- Pick one of your IB higher level subjects and one non-academic activity that you do. In what ways do you use imagination to gain, evaluate, understand, apply or enjoy knowledge in each of these two cases? Without imagination, would your knowledge be diminished?
I'm picking Higher Level Music for my HL subject and composition for my non-academic activity.
In HL Music, we often gain knowledge imaginatively. For example: If I am trying to determine the region from which a piece originates, (a common activity in IB Music), I will often close my eyes and imagine the instrument, player, or setting that is happening. If it's an instrument that looks like a marimba in my mind, I will think that perhaps it is South American.

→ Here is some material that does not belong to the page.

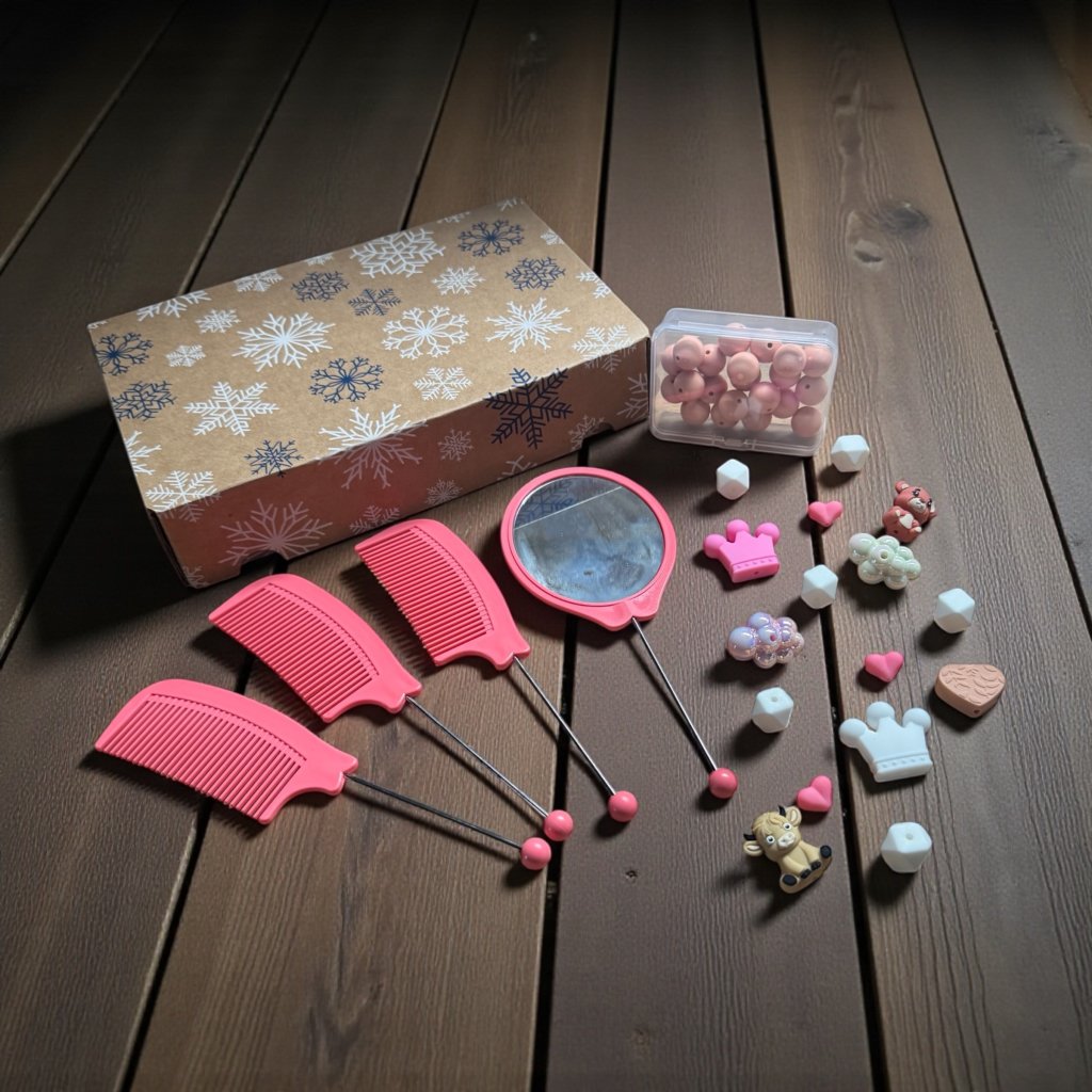 Růžová radost pro malé i velké princezny! Tento kreativní box je plný hravých doplňků, korunek a srdíček, které potěší každou tvořivou duši. Stačí jen zapojit fantazii a vytvořit si vlastní kouzelné doplňky.

We also use our imagination to evaluate knowledge and to understand music. We'll think about the cultures, customs and context of a place prior to analyzing the musical elements of a composition.
We also use out imagination to enjoy knowledge, and enjoy music! I'll imagine what the composer must have been feeling or thinking while s(he) was writing the piece I'm listening to, and I'll imagine the mood, texture, or timbre of the piece in my mind both while listening and doing academic composing.
Meanwhile, in my own personal compositions, imagination plays a very different role. Oftentimes, I will compose a piece and then color over it in bright colors, depicting the mood I want the section to be played. For example, this is a snippet of a piece that I wrote just now:
I would color flames all over the first measure, indicating that I want it to be played intensely, followed by water on the next three measures, indicating that I'd want it to be played softly. Only I really understand my visual shorthand, and this piece is actually terrible and wouldn't sound good with a loud beginning and a soft ending, (or ever), but that's an example of how I use my imagination in composition!